Exercise materials -
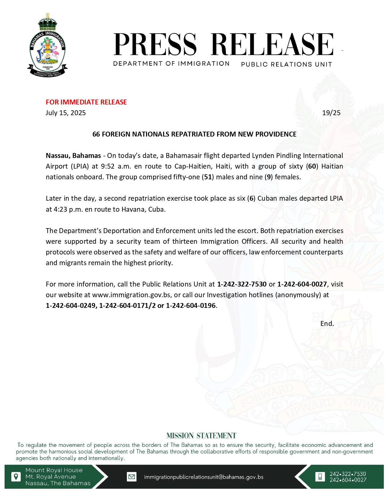 Press Release No. 19 – 66 Foreign Nationals Repatriated From New Providence
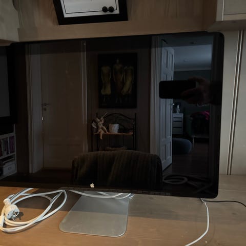Grunnet overhang til en annen skjerm, selger jeg nå denne Mac skjermen. Den fungerer fint og skjermen er i god stand med kun noen få skraper på baksiden. Kabelen er derimot litt skadet (se ene bildet), men fungerer fint så lenge kabelen ligger i ro.
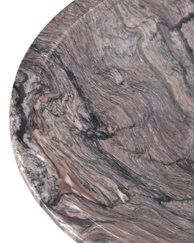 The Lubo Breccia Large Bowl is made of Breccia marble, which has a swirling personality as haunting as the milky way at night. The black footed bowl will be a chameleon in an interior, as it will be just as fitting for holding decorative objects in a main living space as it will be for displaying fruit on a kitchen island. The surfaces will vary from piece to piece.
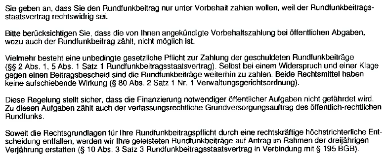 Ich bin kein Jurist. Wenn ein mit dem Gegenstand vertrauter Jurist hierzu eine andere Auffassung vertritt, als die oben vom Beitragsservice geäußerte, wäre ich für einen Hinweis und eine entsprechende Formulierung, die ich für ein Antwortschreiben benutzen kann, dankbar.
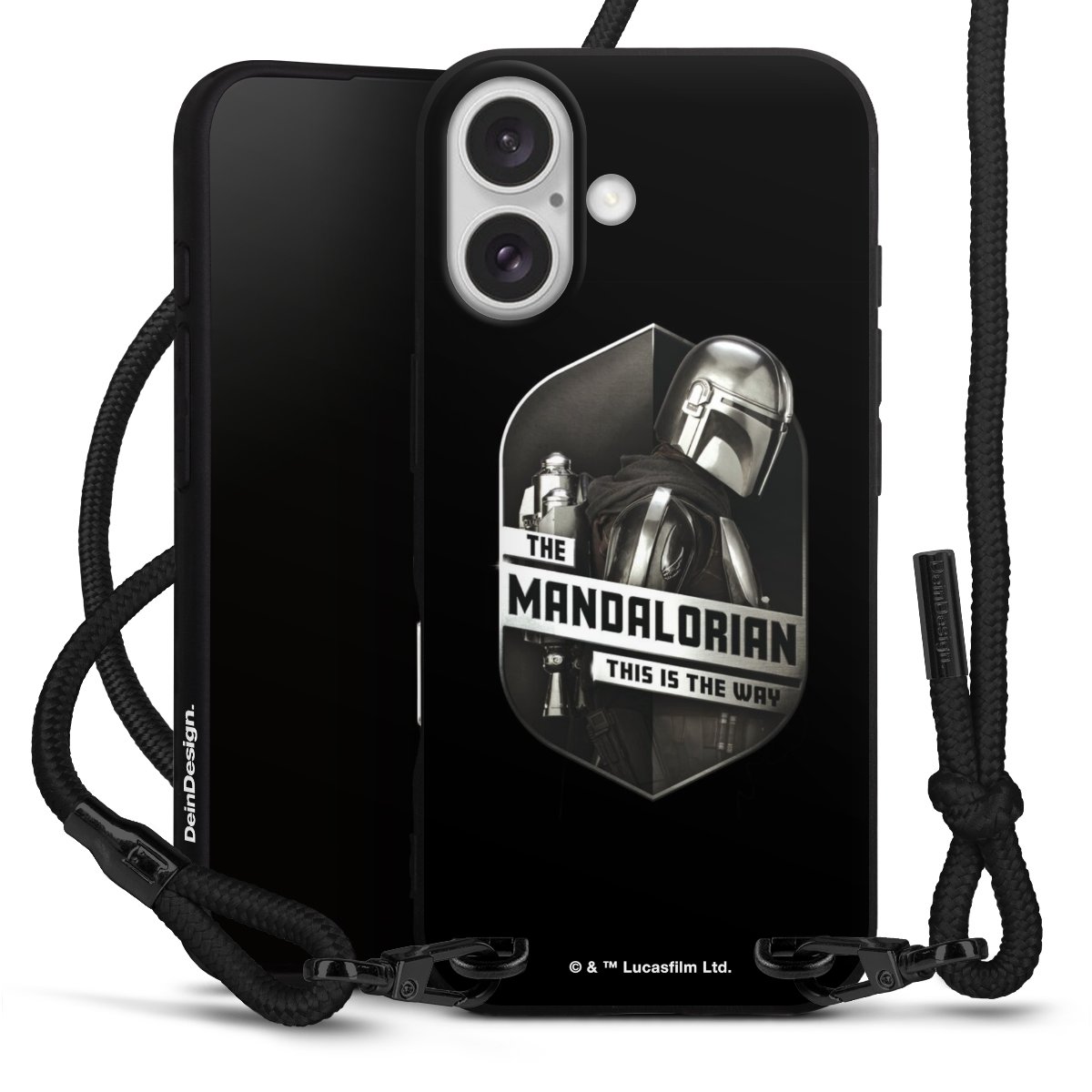 Pure Black: Handyhülle, Stoffband und Metalldetails in stylischem Mattschwarz.
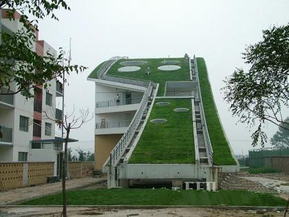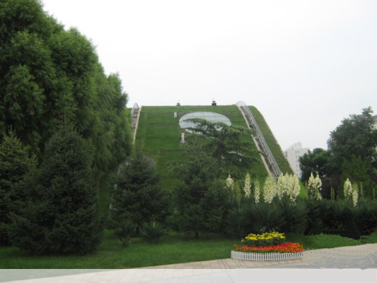 在海淀区郦城二区内,有4座被居民称作“云楼”的建筑。这4座楼房,楼高不到20米,自楼顶中部整体伸出两条如羽翼般的坡道,延伸至地面,坡道长近百米,宽度约15米,种植了茂盛的草被,形成“空中绿化带”。
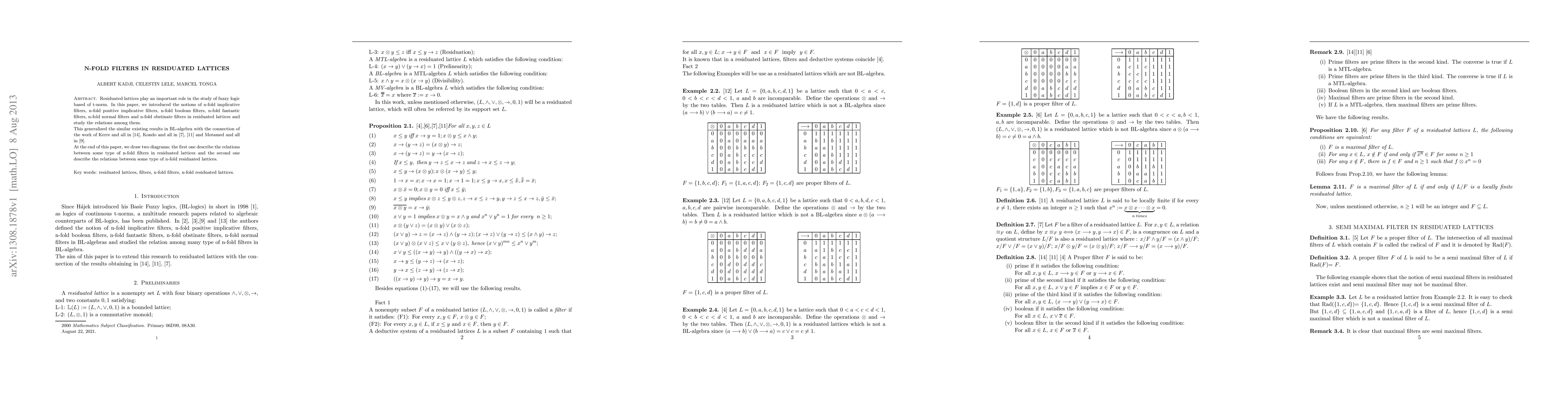 Residuated lattices play an important role in the study of fuzzy logic based of t-norm. In this paper, we introduced the notions of n-fold implicative filters, n-fold positive implicative filters, n-fold boolean filters, n-fold fantastic filters, n-fold normal filters and n-fold obstinate filters in residuated lattices and study the relations among them. This generalized the similar existing results in BL-algebra with the connection of the work of Kerre and all in [14], Kondo and all in [7], [11] and Motamed and all in [9]. At the end of this paper, we draw two diagrams; the first one describe the relations between some type of n-fold filters in residuated lattices and the second one describe the relations between some type of n-fold residuated lattices.
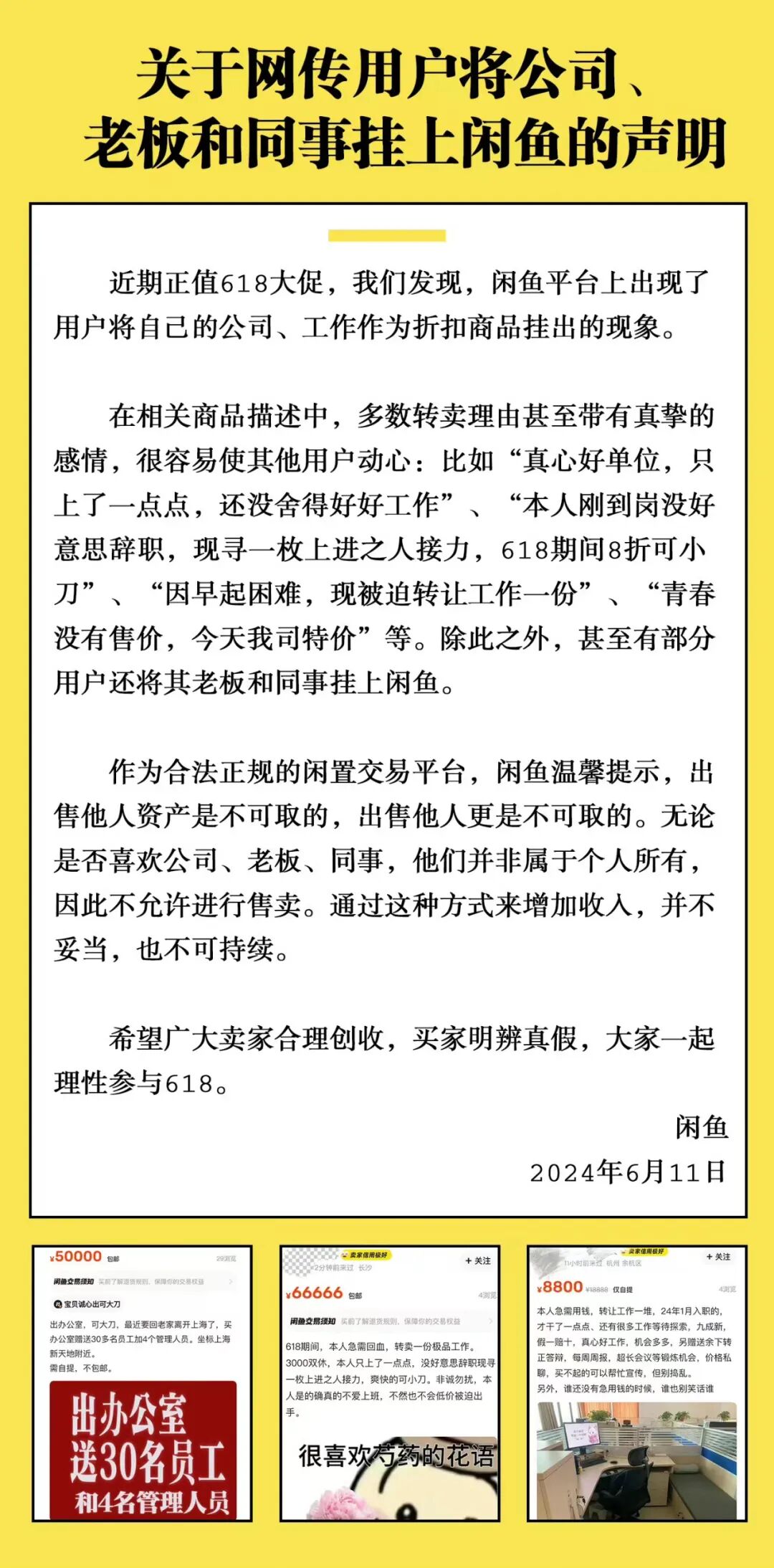 6月11日上午,闲鱼发布公告对此事进行了回应。在公告中,闲鱼首先称赞了卖家们带着“真挚的感情”,但是“出售他人”和“他人资产”是不可取的,这种收入“不妥当也不可持续”。
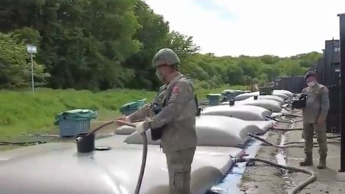 Burada tatbikattaki askerler için sahra mutfağı, yemekhane, duş ve tuvaletleri kuran Türk askerlerin temiz ve titiz çalışması NATO’dan da övgü aldı.
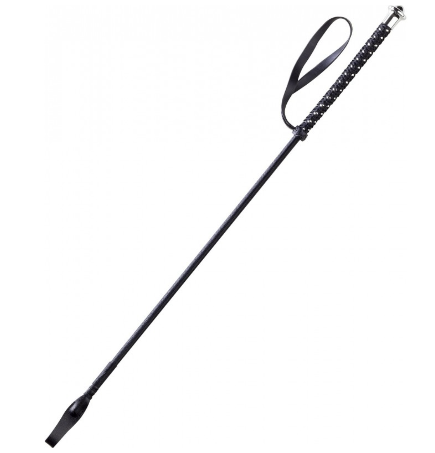 En fibre de verre recouvert nylon tressé. Poignée antidérapante tressée en polyester et fil coloris argenté, culot plastique métallisé avec dragonne en thermoplastique TPE et claquette fine fermée en cuir vachette.
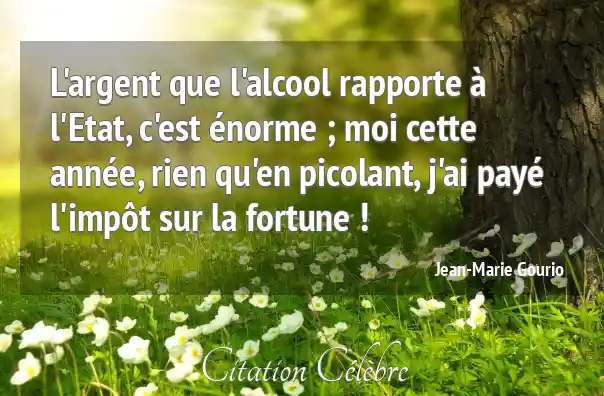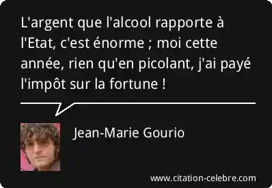 L'argent que l'alcool rapporte à l'Etat, c'est énorme ; moi cette année, rien qu'en picolant, j'ai payé l'impôt sur la fortune !

How to complete this task - All that should appear in the answer is the lines above from the line with "Ich bin kein" through the line with "6月11日上午,闲鱼发布公告", retyped exactly, pictures left out.

Answer for the task -
 Ich bin kein Jurist. Wenn ein mit dem Gegenstand vertrauter Jurist hierzu eine andere Auffassung vertritt, als die oben vom Beitragsservice geäußerte, wäre ich für einen Hinweis und eine entsprechende Formulierung, die ich für ein Antwortschreiben benutzen kann, dankbar.
 Pure Black: Handyhülle, Stoffband und Metalldetails in stylischem Mattschwarz.
 在海淀区郦城二区内,有4座被居民称作“云楼”的建筑。这4座楼房,楼高不到20米,自楼顶中部整体伸出两条如羽翼般的坡道,延伸至地面,坡道长近百米,宽度约15米,种植了茂盛的草被,形成“空中绿化带”。
 Residuated lattices play an important role in the study of fuzzy logic based of t-norm. In this paper, we introduced the notions of n-fold implicative filters, n-fold positive implicative filters, n-fold boolean filters, n-fold fantastic filters, n-fold normal filters and n-fold obstinate filters in residuated lattices and study the relations among them. This generalized the similar existing results in BL-algebra with the connection of the work of Kerre and all in [14], Kondo and all in [7], [11] and Motamed and all in [9]. At the end of this paper, we draw two diagrams; the first one describe the relations between some type of n-fold filters in residuated lattices and the second one describe the relations between some type of n-fold residuated lattices.
 6月11日上午,闲鱼发布公告对此事进行了回应。在公告中,闲鱼首先称赞了卖家们带着“真挚的感情”,但是“出售他人”和“他人资产”是不可取的,这种收入“不妥当也不可持续”。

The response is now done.